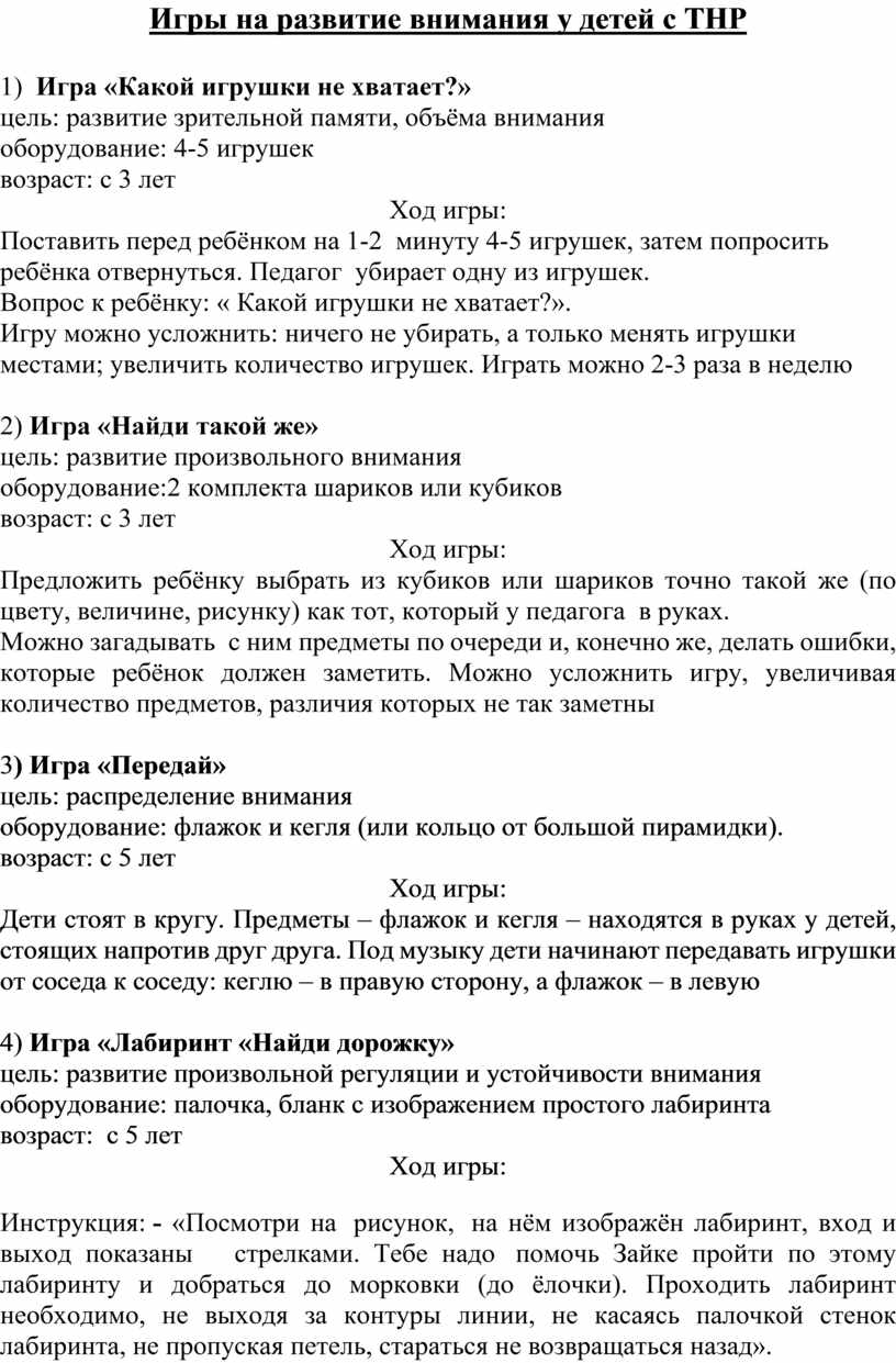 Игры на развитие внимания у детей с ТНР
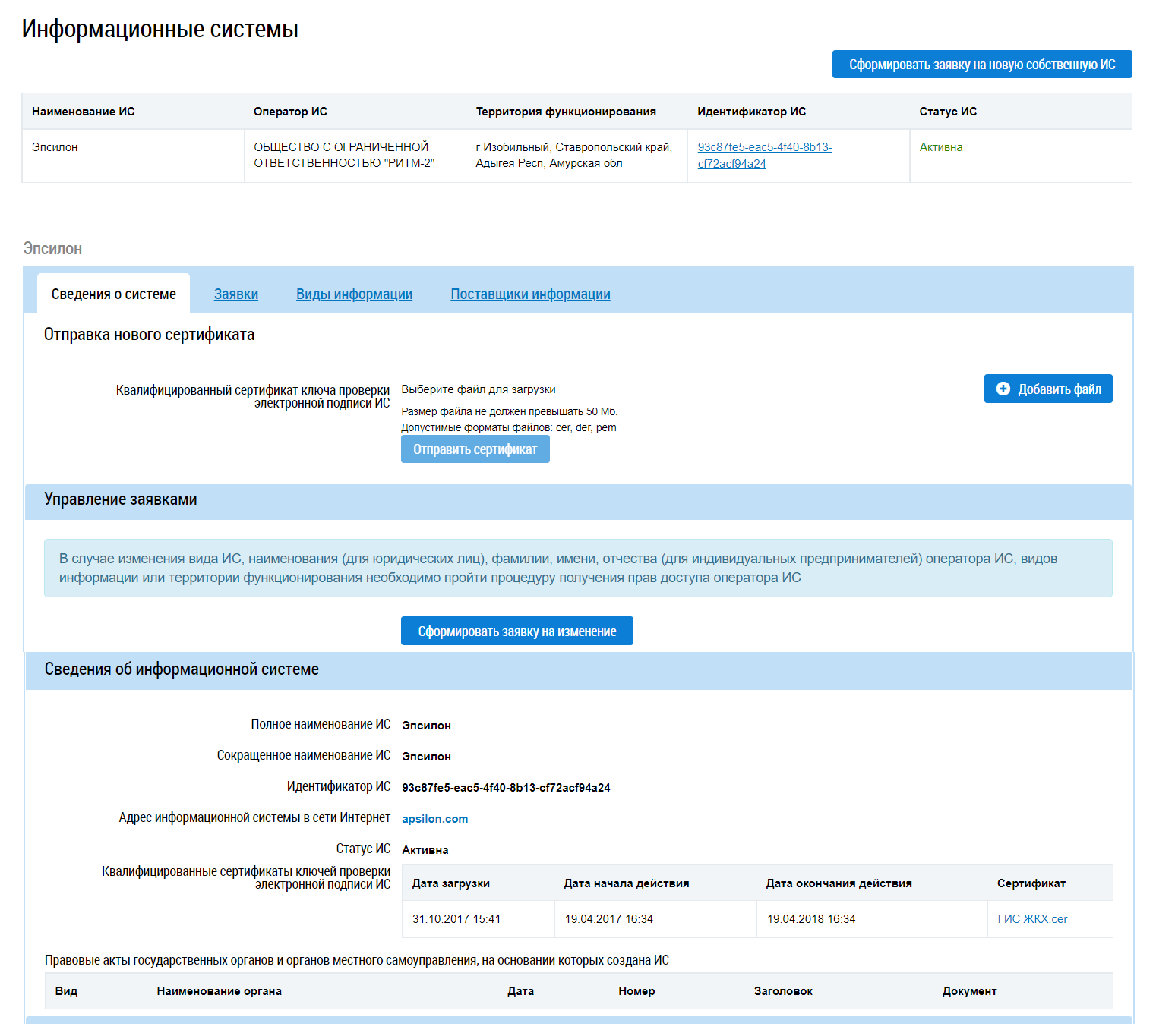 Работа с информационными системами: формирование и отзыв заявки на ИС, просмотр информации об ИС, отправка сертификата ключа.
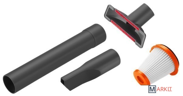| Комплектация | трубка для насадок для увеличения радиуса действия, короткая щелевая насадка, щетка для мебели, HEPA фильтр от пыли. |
***
TASK REQUIREMENTS: Please retype the listing exactly, leaving out any images.

TASK OUTPUT:
 Игры на развитие внимания у детей с ТНР
 Работа с информационными системами: формирование и отзыв заявки на ИС, просмотр информации об ИС, отправка сертификата ключа.
| Комплектация | трубка для насадок для увеличения радиуса действия, короткая щелевая насадка, щетка для мебели, HEPA фильтр от пыли. |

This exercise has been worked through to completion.